Ihr Debüt „Fridas Sommer“ erzählt ihre eigene Geschichte, „Alcarrás“ handelt von ihrer Familie. Was reizt Sie an autobiografisch inspirierten Spielfilmen?

Simón: Es muss nicht autobiographisch sein, aber ich will nur von dem erzählen, wovon ich etwas verstehe. Das wird sich vielleicht eines Tages ändern; über so viele Dinge weiß ich auch nicht Bescheid! „Alcarrás“ ist aber ganz anders als „Fridas Sommer“. Dort geht es nur um meine eigenen Erfahrungen als Kind, da musste ich nichts recherchieren. In „Alcarrás“ dreht sich alles um die Erfahrungen meiner Familie, in die ich mich erst einmal einarbeiten musste. Die Recherche über den Obstanbau und die Traditionen, die Gespräche mit meiner Familie, den Nachbarn und anderen Bauern waren für mich sehr wichtig. Das hat viel Zeit gekostet, doch die brauchte es, um die Welt zu verstehen, die ich darstellen wollte. Ich will meine Protagonisten aber nicht nur verstehen, sondern auch wirklich mögen, deswegen muss ich mich in ihr Leben einfühlen können.


Die Dynamik der Kinder: "Alcarràs" (Lluis Tudela)
Die Dynamik der Kinder: "Alcarràs" (Lluis Tudela)

Auch in „Alcarrás“ ist die Perspektive der Kinder sehr wichtig. Was macht für sie den besonderen Reiz der Arbeit mit Kindern aus?

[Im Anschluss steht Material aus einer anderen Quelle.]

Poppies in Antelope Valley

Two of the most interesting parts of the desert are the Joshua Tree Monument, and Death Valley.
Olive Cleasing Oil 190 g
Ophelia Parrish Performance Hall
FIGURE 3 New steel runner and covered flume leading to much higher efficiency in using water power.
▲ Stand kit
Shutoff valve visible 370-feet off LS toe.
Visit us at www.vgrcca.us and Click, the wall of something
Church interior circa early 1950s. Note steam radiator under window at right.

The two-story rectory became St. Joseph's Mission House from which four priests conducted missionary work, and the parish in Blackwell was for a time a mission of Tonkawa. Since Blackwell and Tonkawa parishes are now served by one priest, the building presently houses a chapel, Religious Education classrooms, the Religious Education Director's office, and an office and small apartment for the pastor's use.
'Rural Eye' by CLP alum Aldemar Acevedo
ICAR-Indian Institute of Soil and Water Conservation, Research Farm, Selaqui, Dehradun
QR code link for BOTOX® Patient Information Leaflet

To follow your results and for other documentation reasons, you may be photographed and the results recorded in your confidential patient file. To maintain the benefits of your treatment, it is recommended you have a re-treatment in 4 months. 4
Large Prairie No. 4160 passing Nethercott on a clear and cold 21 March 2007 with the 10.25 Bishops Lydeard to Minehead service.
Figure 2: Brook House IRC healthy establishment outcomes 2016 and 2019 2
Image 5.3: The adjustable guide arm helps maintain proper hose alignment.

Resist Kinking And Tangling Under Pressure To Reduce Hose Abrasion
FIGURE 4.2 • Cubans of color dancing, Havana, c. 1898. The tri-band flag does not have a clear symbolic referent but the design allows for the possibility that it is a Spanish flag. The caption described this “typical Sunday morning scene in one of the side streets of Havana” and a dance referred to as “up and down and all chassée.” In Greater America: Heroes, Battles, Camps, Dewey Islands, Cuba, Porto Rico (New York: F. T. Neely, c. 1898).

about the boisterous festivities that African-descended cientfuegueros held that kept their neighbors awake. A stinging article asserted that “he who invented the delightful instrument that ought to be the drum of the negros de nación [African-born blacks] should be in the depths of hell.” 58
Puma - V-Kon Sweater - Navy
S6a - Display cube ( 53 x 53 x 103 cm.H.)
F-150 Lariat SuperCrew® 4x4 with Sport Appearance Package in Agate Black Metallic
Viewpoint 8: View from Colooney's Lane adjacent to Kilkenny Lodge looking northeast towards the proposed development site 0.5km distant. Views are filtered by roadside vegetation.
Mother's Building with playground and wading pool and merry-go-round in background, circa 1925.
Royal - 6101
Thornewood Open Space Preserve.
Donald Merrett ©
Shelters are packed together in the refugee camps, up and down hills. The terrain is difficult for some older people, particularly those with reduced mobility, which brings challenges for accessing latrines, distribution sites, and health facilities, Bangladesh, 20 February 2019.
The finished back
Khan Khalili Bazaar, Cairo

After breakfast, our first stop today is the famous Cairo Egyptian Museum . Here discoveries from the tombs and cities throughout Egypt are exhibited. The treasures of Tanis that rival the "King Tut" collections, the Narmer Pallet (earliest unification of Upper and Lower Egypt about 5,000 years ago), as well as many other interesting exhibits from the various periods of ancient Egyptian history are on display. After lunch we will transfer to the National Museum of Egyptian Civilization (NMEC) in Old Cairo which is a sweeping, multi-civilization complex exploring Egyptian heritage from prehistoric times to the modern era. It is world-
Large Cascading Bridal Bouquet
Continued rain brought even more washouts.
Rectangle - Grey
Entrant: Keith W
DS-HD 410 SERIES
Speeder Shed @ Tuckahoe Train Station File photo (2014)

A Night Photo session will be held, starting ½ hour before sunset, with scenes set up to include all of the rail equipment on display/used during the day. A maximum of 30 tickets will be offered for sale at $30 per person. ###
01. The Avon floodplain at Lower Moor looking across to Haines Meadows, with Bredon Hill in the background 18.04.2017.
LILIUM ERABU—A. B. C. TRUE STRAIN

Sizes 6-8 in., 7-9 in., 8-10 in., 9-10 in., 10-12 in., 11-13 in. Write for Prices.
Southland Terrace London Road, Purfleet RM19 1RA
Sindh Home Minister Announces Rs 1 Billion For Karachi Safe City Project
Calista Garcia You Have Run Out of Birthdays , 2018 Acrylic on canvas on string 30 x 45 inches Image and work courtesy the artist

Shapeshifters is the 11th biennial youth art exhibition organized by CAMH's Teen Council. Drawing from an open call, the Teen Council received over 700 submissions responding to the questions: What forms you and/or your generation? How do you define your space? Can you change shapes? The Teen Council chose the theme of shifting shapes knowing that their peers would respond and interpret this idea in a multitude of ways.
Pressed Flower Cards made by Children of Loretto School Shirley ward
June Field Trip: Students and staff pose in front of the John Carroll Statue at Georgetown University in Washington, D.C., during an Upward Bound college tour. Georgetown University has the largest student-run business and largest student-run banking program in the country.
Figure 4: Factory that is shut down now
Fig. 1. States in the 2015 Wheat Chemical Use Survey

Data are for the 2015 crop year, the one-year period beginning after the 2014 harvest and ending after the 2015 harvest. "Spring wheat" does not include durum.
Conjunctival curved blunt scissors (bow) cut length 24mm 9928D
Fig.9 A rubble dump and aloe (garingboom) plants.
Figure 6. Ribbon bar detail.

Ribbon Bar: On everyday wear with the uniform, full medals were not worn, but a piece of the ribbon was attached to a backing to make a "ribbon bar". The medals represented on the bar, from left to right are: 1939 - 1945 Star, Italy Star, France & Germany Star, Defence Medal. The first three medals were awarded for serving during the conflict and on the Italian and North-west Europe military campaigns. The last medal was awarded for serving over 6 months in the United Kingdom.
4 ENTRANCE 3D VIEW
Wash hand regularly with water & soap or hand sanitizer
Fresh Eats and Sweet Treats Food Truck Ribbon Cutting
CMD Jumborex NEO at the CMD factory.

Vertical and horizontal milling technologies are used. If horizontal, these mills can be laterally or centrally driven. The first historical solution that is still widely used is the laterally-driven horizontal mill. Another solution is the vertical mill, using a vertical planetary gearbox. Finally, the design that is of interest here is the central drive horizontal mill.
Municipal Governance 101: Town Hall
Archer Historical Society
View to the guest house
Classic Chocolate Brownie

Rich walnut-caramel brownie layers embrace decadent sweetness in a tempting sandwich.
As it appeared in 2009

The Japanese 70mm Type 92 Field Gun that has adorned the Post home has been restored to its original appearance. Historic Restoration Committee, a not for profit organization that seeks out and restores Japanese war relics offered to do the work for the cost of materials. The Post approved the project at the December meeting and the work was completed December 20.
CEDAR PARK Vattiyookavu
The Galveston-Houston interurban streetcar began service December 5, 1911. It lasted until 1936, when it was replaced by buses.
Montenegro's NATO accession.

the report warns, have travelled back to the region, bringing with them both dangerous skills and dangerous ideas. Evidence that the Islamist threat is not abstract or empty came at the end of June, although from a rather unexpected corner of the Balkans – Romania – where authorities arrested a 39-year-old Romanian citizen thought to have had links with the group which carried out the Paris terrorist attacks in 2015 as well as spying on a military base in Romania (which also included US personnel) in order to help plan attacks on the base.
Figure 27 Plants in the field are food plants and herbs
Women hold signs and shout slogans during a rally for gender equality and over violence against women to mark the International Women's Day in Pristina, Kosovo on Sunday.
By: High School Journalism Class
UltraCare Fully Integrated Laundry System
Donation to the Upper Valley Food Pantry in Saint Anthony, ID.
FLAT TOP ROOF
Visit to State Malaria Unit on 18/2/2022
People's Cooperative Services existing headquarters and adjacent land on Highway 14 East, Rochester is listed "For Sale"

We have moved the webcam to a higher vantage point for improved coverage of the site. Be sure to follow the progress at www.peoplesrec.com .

Simón: Es ist entscheidend, dass die Dreharbeiten lebendig sind. Kinder bringen dafür eine ganz besondere Dynamik mit. Sie überraschen einen als Regisseurin immer mit neuen Anregungen. Sie sind aber auch für die erwachsenen Darsteller toll, da sie ihnen helfen, lockerer und entspannter zu werden. Natürlich machen die Kinder, was ich ihnen sage, ich gebe ihnen aber auch viel Raum, damit sie sie selbst sein können. Die Wahrnehmung der Kinder ist in „Alcarrás“ anders als in „Fridas Sommer“. Es handelte sich ja um die Perspektive eines Mädchens, das seine Mutter verloren hat und in eine neue Familie hereinwächst. In „Alcarrás“ ist den Kindern die eigentliche Bedrohung ihrer Lebensform gar nicht einsichtig. Sie erleben die Welt der Erwachsenen aus ihrer Perspektive, aber darüber lässt sich auch viel ausdrücken. Deswegen kam es entscheidend auf das Zusammenspiel der Kinder mit den Erwachsenen an, was sich insbesondere im Umgang der Kinder mit dem Großvater zeigt.